Author and reporter Samantha Powers will speak at The University of Memphis Thursday about genocide and the United States’ stance on it. The lecture will begin at 7:30 p.m. in room 136 of the Fogelman Executive Center. U of M President Dr. Shirley Raines is scheduled to introduce Powers.
Two years after Yugoslavia began to break up, Powers became a foreign correspondent in the Balkans for The U.S. News and World Report. She watched and reported as groups such as the Serbians launched attacks against civilians in Bosnia. Sarajevo was under siege for over 1,000 days, and civilians there were captured, sent to concentration camps, raped and killed.
According to Powers, for years, she and other international correspondents witnessed the horror of genocide while the world made no effort to intervene.

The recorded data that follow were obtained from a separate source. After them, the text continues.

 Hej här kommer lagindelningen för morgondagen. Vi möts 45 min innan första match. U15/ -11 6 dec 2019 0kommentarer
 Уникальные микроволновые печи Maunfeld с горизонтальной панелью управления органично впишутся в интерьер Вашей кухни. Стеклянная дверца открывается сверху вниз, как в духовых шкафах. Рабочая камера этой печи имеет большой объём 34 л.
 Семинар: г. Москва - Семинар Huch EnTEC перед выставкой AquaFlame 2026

Powers will speak about human rights and what she believes is the United States’ lack of response to genocide in the 20th century. “Go with an open mind,” said history professor Jonathan Judaken. “She doesn’t have an ax to grind. If you think genocide is a significant issue that a major world power should intervene in, at the very least you should know the record.”
Powers’ book, “A Problem from Hell: America and the Age of Genocide,” is the record, Judaken said. The book is an entire history of genocide in the 20th century and the United States’ response to it.

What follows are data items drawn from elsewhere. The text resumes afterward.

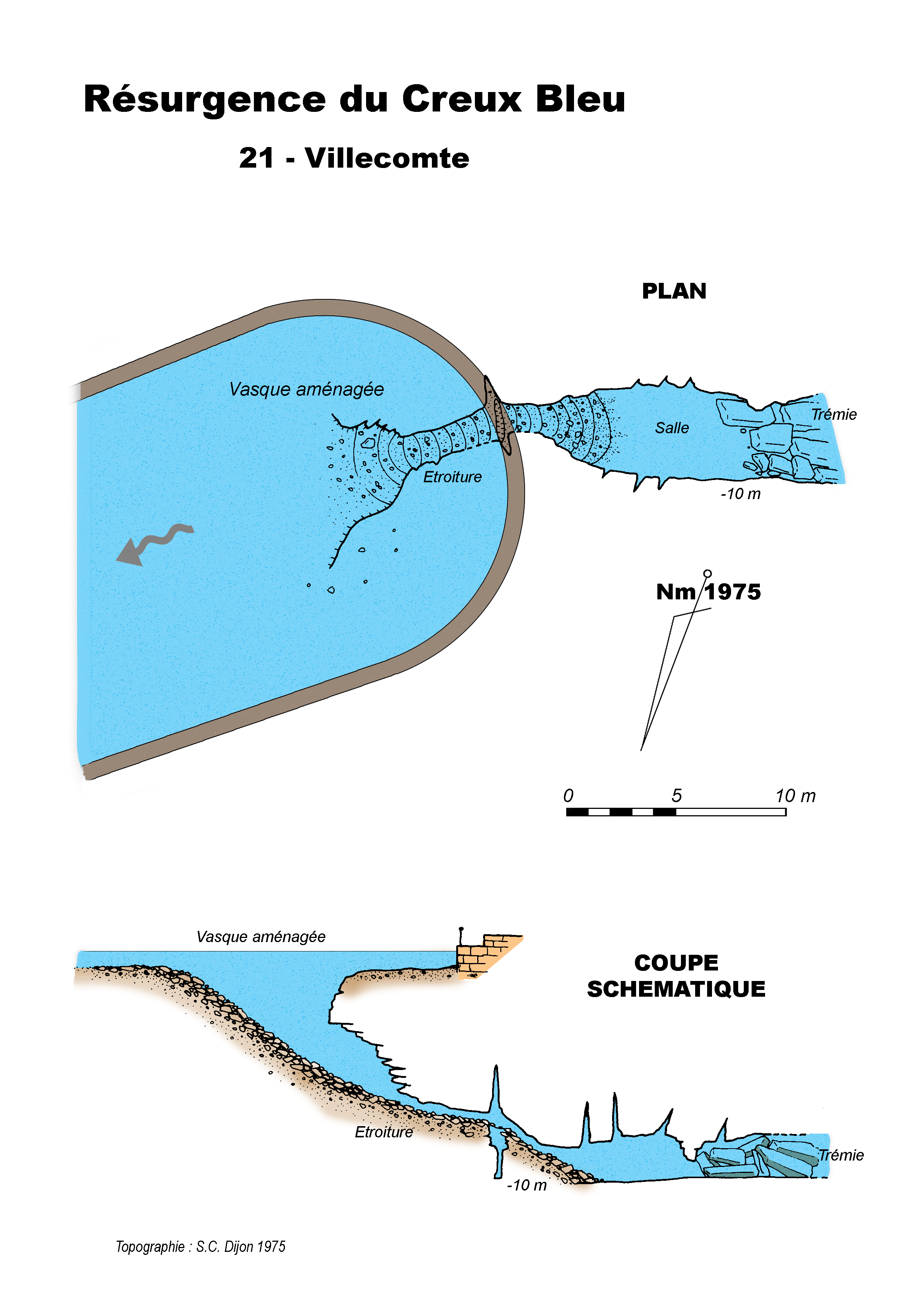 | | | Plan Coupe | Topographie | S.C.Dijon | 31/12/0975 |  | Topo-Creux-Bleu-1975 | | Extrait de Sous le Plancher - A.S.E. n° 10, 1995, p. 14 |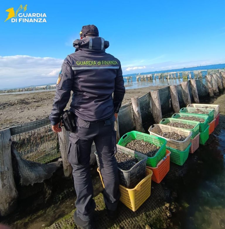 Oltre 3 tonnellate di vongole veraci sono state sequestrate dai militari della Sezione Operativa Navale della Guardia di Finanza di Chioggia nel corso di un’operazione di repressione del fenomeno della pesca abusiva in laguna: il sequestro dei 3.215 chili di molluschi, infatti, è legato alla mancanza di tracciabilità sanitaria e ha comportato sanzioni che ammontano a 12mila euro nei confronti di più soggetti.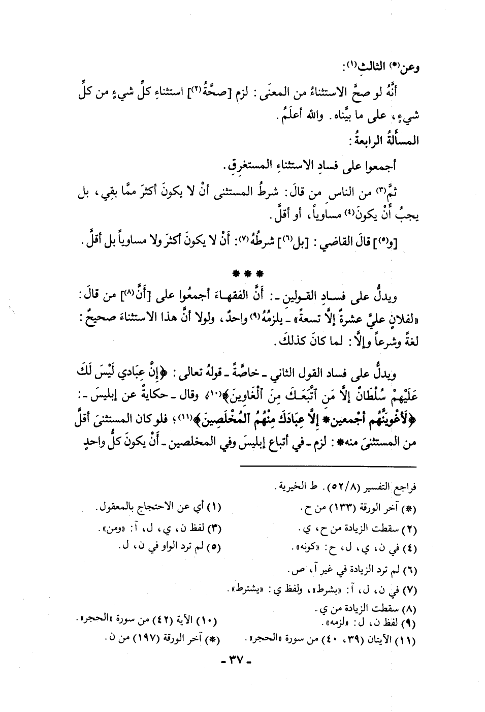 أجمعوا على فساد الاستثناء المستغرق ثم من الناس من قال شرط المستثنى أن لا يكون أكثر أكثر مما بقي بل يجب أن يكون مساويا أو أقل وقال القاضي بل شرطه أن لا يكون أكثر ولا مساويا سنة بل أقل ويدل على فساد القولين أن الفقهاء أجمعوا على أن من قال لفلان علي عشرة إلا تسعة يلزمه واحد ولولا أن هذا الاستثناء صحيح لغة وشرعا وإلا لمكن كذلك ويدل على فساد اقول الثاني خاصة قوله تعالى إن عبادي ليس لك عليهم سلطان إلا من اتبعك من الغاوين وقال حكاية عن إبليس لأغوينهم أجمعين إلا عبادك منهم المخلصين فلو كان المستثنى أقل من المستثنى منه لزم في أتباع إبليس وفي المخلصين أن يكون كل واحد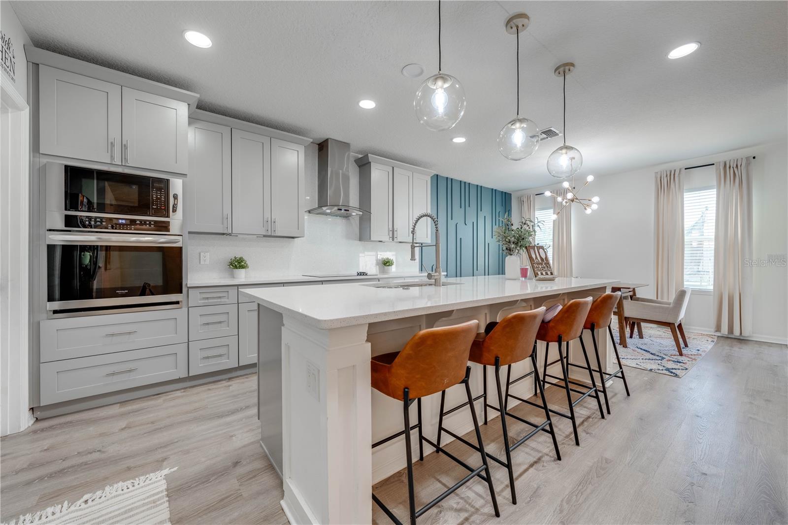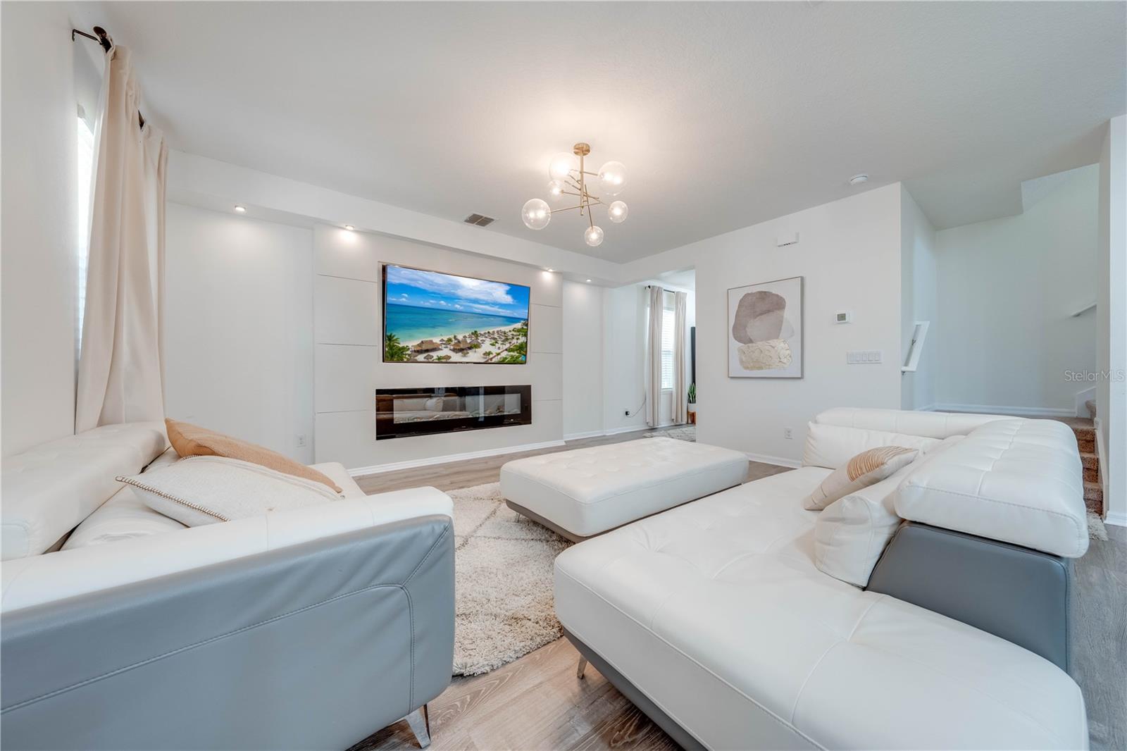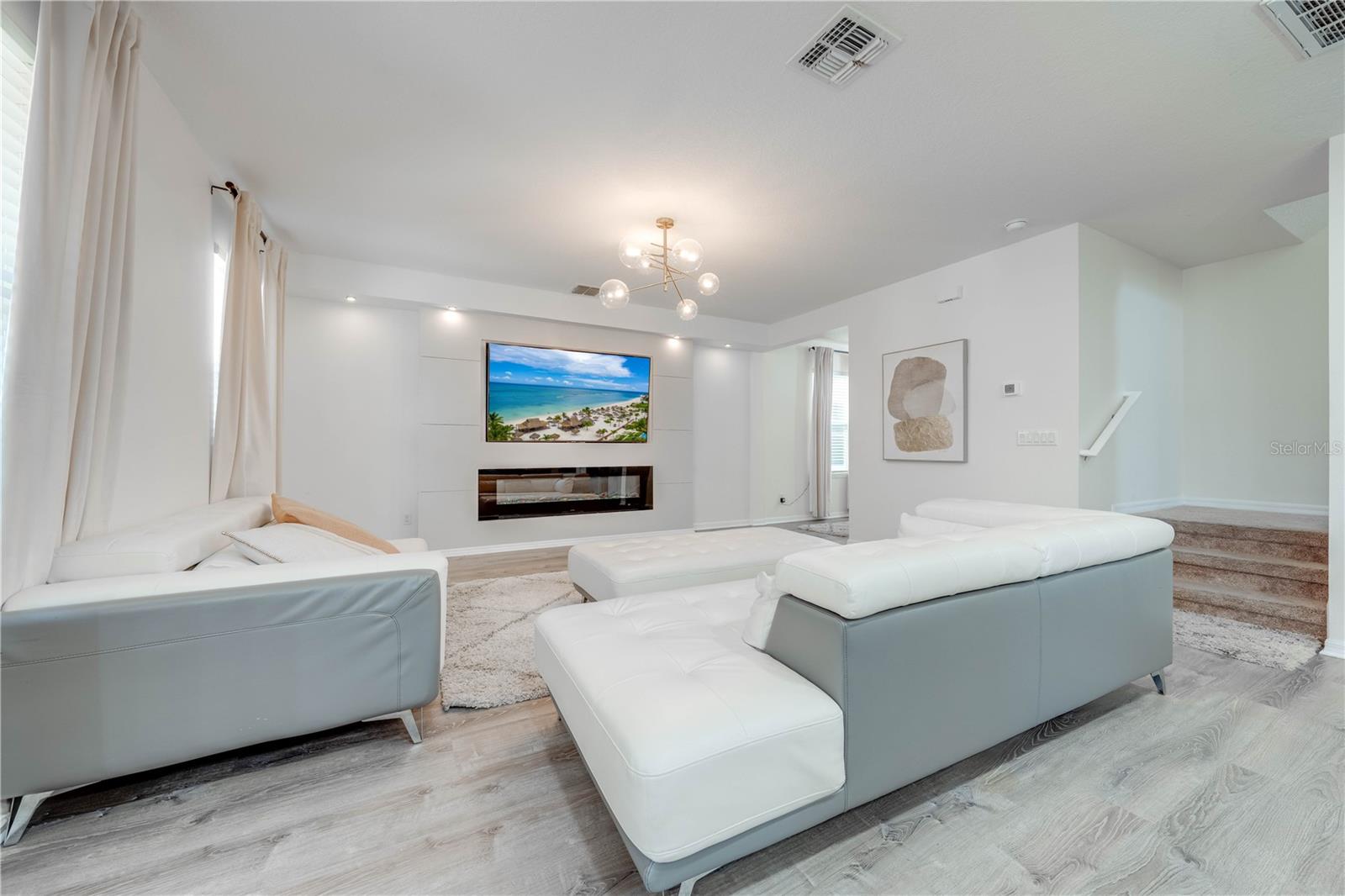 Welcome to 2778 Monticello Way, Kissimmee, FL 34741! This beautifully upgraded home is full of modern touches and stylish details. The open floor plan features a cozy living room with an electric fireplace and a sleek accent wall. The kitchen has been upgraded with quartz countertops, a large island with seating, modern pendant lights, and custom 42" cabinets with plenty of storage. You'll also love the stainless steel appliances and range hood, adding a gourmet feel. Upgraded flooring throughout gives the home a fresh, modern look, and the built-in racks in the master closets for an extra organization. Enjoy outdoor living on the covered lanai with a patio, and take advantage of the 2-car garage for extra convenience. With a brand-new 2023 A/C and community amenities like a playground and cabana, you're just 5 minutes from The Loop mall, 15 minutes from Disney, and near shopping at Posner Park and ChampionsGate Village. This upgraded gem won’t last long—don’t miss out on this stunning home

While there were a few people who spoke out and tried to rally the country to make a stand, for the most part, the United States was a nation of bystanders, according to Powers. She tells the story through the few “up-standers,” as she calls them.
“When an entire group of people are targeted for extermination because of religious, ethnical or political beliefs, should the U.S. government intervene?” Judaken asks.
Powers’ book raises interest in areas of history, politics, humanities and criminology and others.
In the criminology department, genocide is called the “ultimate crime,” professor Margaret Vandiver said. In law enforcement, genocide raises issues of when and how to intervene internationally, while respecting the sovereignty of nations and the right of everyone to life. These are issues Powers addresses in her book.
“She is a very important and original thinker on one of the most crucial issues of the time,” Vandiver said.
Barbara Ching, director of the Marcus W. Orr Center for the Humanities, added that the genocide Powers has witnessed was within the last ten years.
“It is interesting and shocking to hear about it as current events, not as a part of history,” she said.
Powers’ presentation asks audiences to think deeply about policies during times of genocide, recognize opportunities to stop before genocide occurs and learn how ordinary people can take a stand, said Rachel Shankman, the director of Facing History and Ourselves, a sponsoring organization.